Dataset content START

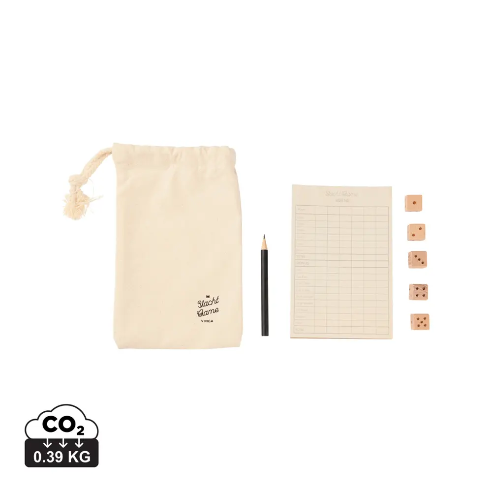 Ontdek de VINGA Yacht game, een tijdloos dobbelsteenspel dat uw merk zichtbaar maakt tijdens events, picknicks of teambuilding. Met vijf FSC®-gecertificeerde grenen dobbelstenen, een notitieblokje en pen, alles verpakt in een handige katoenen zak, biedt dit spel eenvoudige spelregels voor maximaal plezier en interactie. Personaliseer het met uw logo voor een uniek relatiegeschenk dat ontspanning combineert met promotie. Ideaal voor marketingacties: stimuleert gesprekken, versterkt relaties en benadrukt uw engagement voor duurzaamheid dankzij FSC®-hout. Neem het overal mee en laat uw klanten scoren met uw branding.
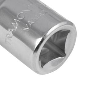 Extensão Usinada 10" Encaixe 1/2" Tramontina MASTER em Aço Cromo Vanádio com Acabamento Cromado Detalhes do produto A Extensão Usinada 10 Polegadas Encaixe 1/2 polegada Tramontina MASTER em Aço Cromo Vanádio com Acabamento Cromado é a peça ideal para você ter no seu kit de ferramentas. Tem encaixe de 1/2 polegada e tamanho de 5 polegadas, ele é produzido em aço cromo vanádio com acabamento cromado e é projetado para aumentar o alcance dos soquetes em lugares profundos e de difícil acesso Informações técnicas Forjado em aço cromo vanádio e temperado. Acabamento cromado.
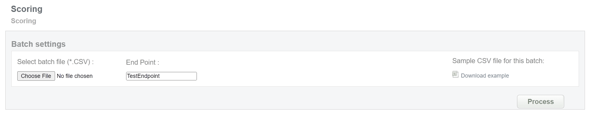 This batch allows to get information about card scoring. Collect order IDs and needed card data, assigned by Crederes system and enter all information to the CSV file and upload it to receive card scoring information. An example of CSV file for upload is available on the same screen.
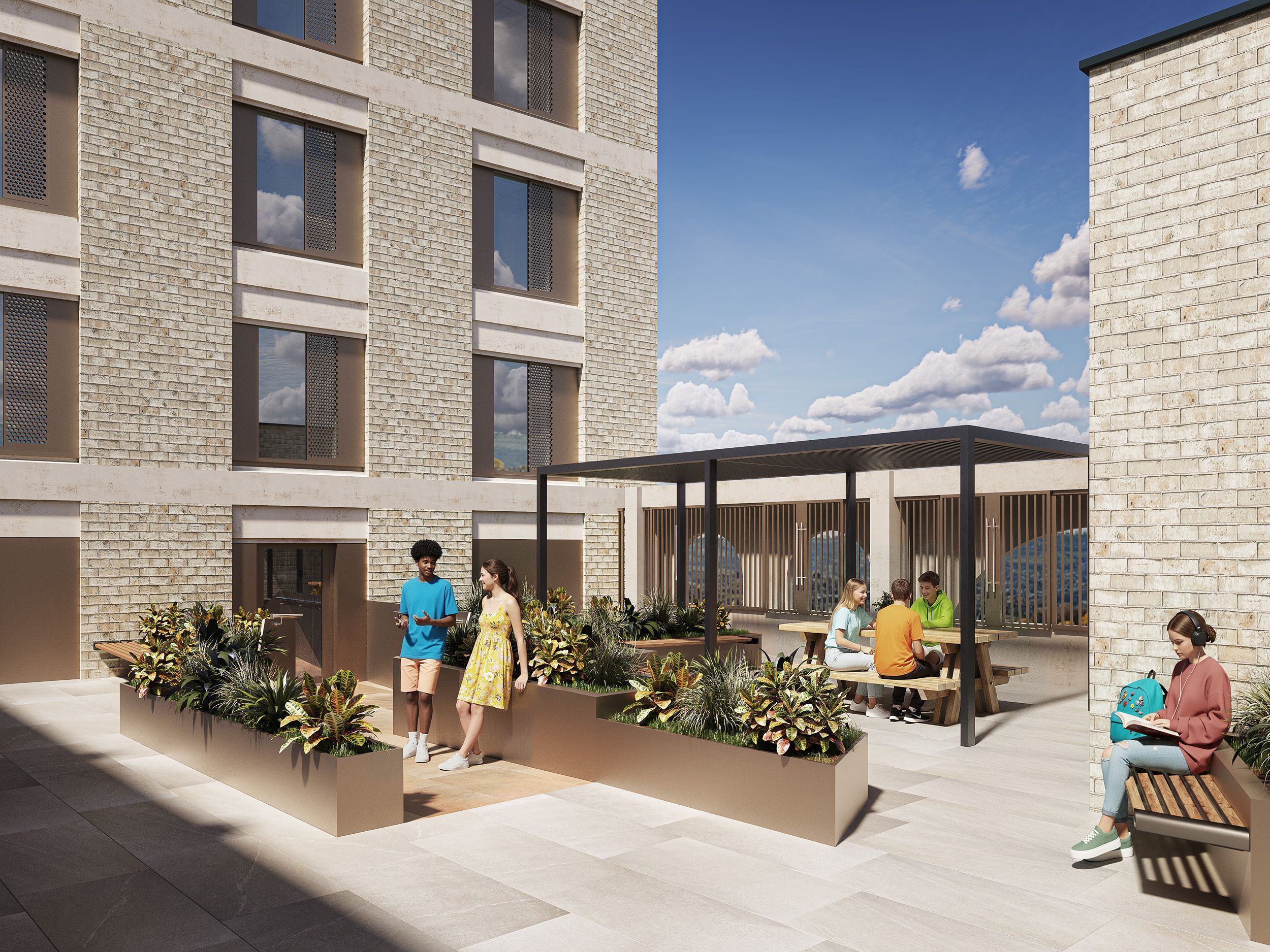 The ground floors and roof levels feature beautiful, well-considered archways and round windows, allowing the paved and bound gravel walkways of the courtyard to flow between and through the buildings and out to the public footpaths and cycle routes.
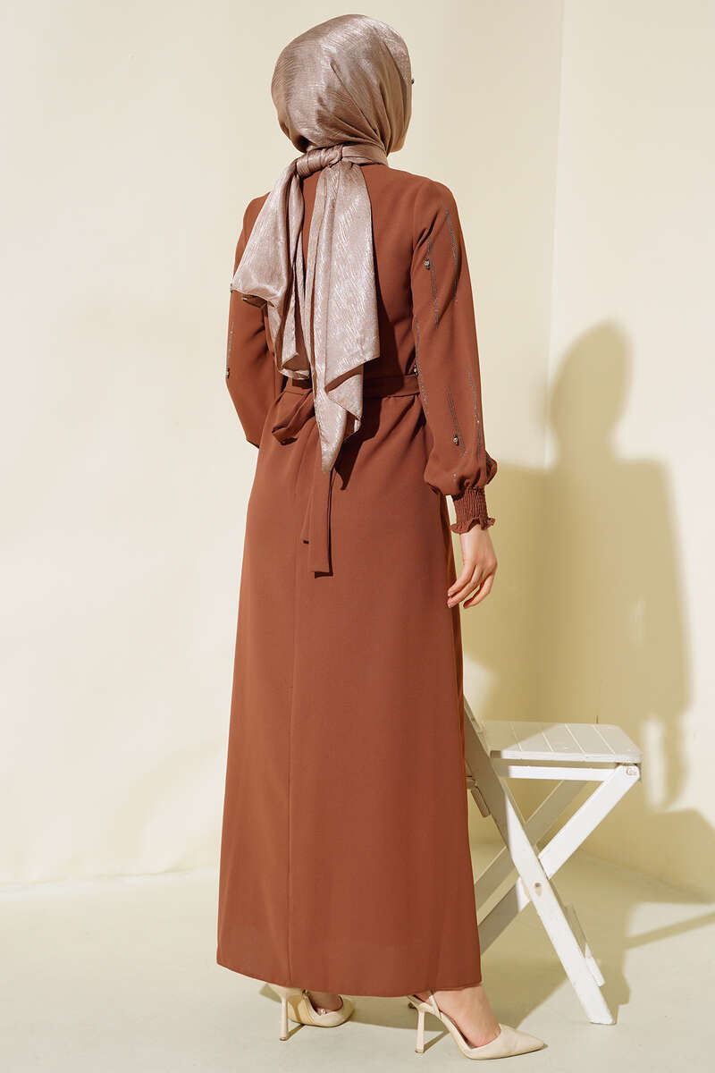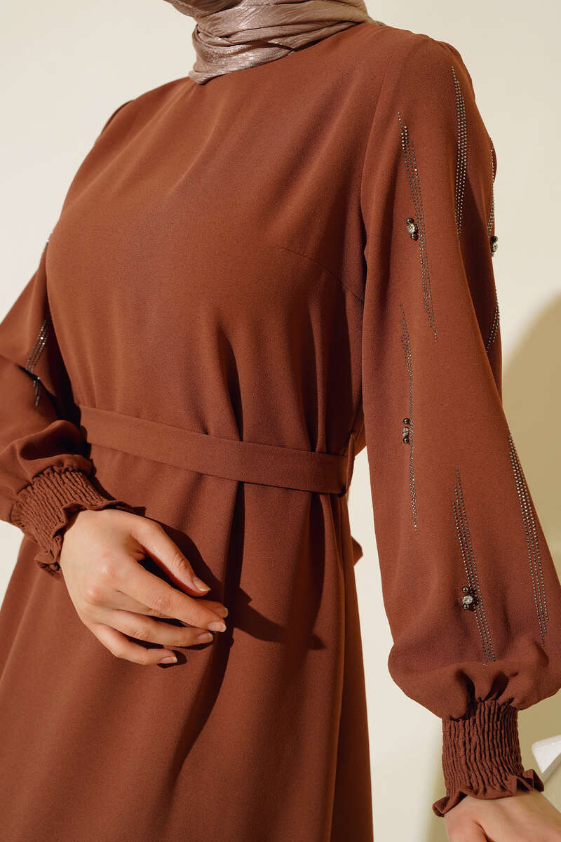 Yeni sezon elbisemiz sizlerle beraber. Elbisemizin kolu taşlarla süslenmiştir. Sırtı fermuarlıdır. Kol bilekleri gipelidir. Elbisemizin iki adet kemer köprüsü olup, kendi kumaşından kuşağı vardır. Astarsızdır. Şık ve zarif tasarımıyla özel günlerinizde ışıldamanızı sağlayacak. Renk seçenekleri mevcuttur.
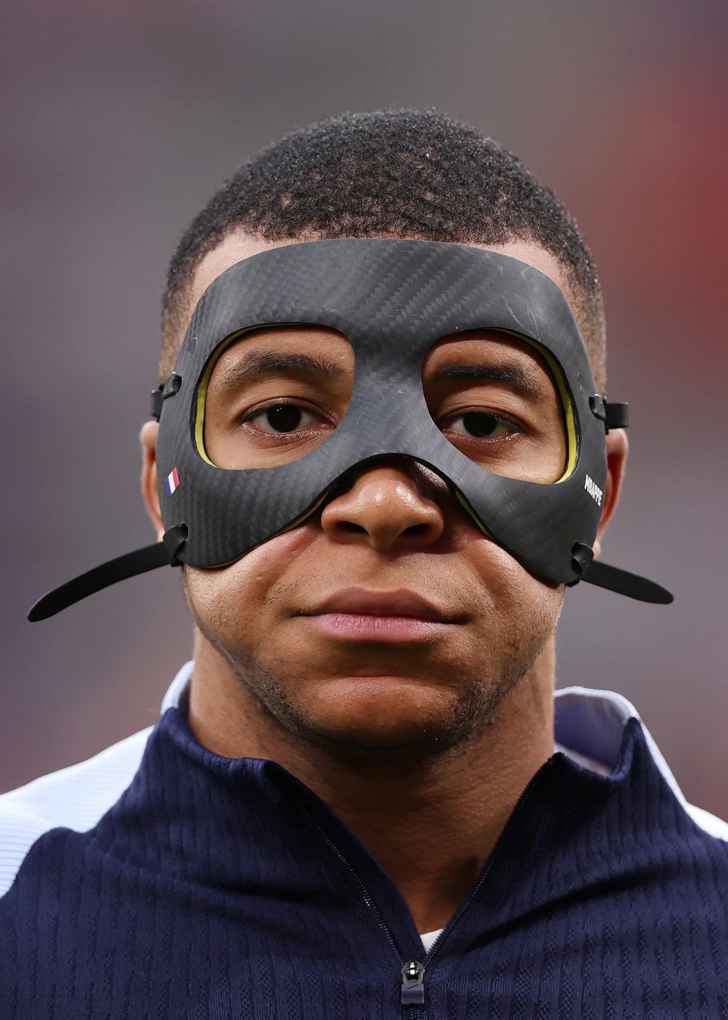 Даже в такой маске Килиан играть не смог бы. Согласно регламенту УЕФА, защитная маска футболиста должна быть однотонной. Француз в итоге остановился на классическом черном варианте.
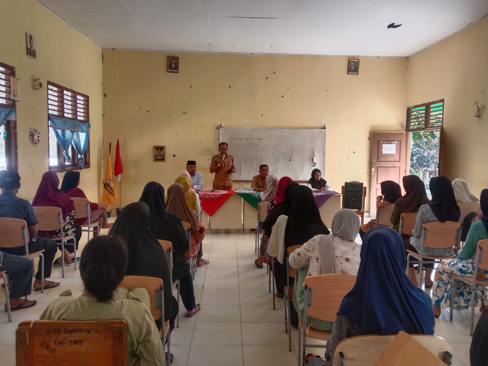 Sejumlah orang tua/wali berkumpul disalah satu kelas dan mendengarkan dengan baik himbauan dan arahan yang disampaikan Kepala Desa Sindang marga Ali Sapran didampingi perangkat desa.
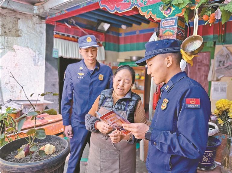 拉薩市消防救援支隊宣傳員深入老城區(qū)“敲門入戶”為居民普及家庭消防安全常識。
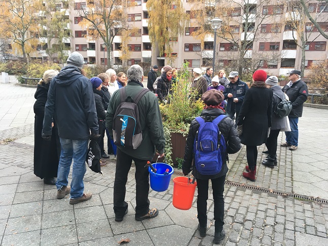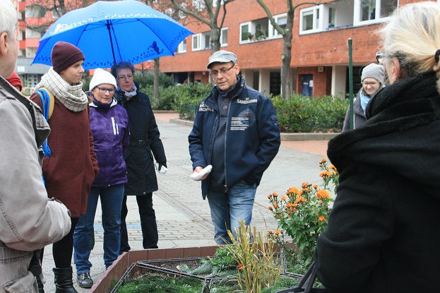 Ein Rundgang im November führte die BrunnengärtnerInnen zu unterschiedlich begrünten Orten und zu potenziellen Flächen für einen Gemeinschaftsgarten. Währenddessen wurden Blumenzwiebel vergraben, die im Frühjahr das Brunnenviertel-Brunnenstraße aufblühen lassen werden.
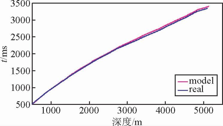 如图 3所示,位于断层下降盘的井,跟水平地层的情况一样,其正演结果和实测结果也具有很好的一致性(图 8),说明位于断层下降盘的井测量的VSP时深关系也是可靠的.
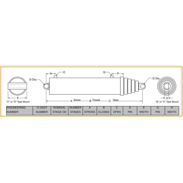 | Parker | Model No. | First Stage Diam | Stage | Stroke(A) | Closed Length(B) | Open Length(C) |

Dataset content END

> [Required action]
Look above for the line containing "Даже в такой", then copy exactly from it through the line containing "Sejumlah orang tua/wali", keeping both and leaving out pictures. Add nothing else.

> [Task answer]
 Даже в такой маске Килиан играть не смог бы. Согласно регламенту УЕФА, защитная маска футболиста должна быть однотонной. Француз в итоге остановился на классическом черном варианте.
 Sejumlah orang tua/wali berkumpul disalah satu kelas dan mendengarkan dengan baik himbauan dan arahan yang disampaikan Kepala Desa Sindang marga Ali Sapran didampingi perangkat desa.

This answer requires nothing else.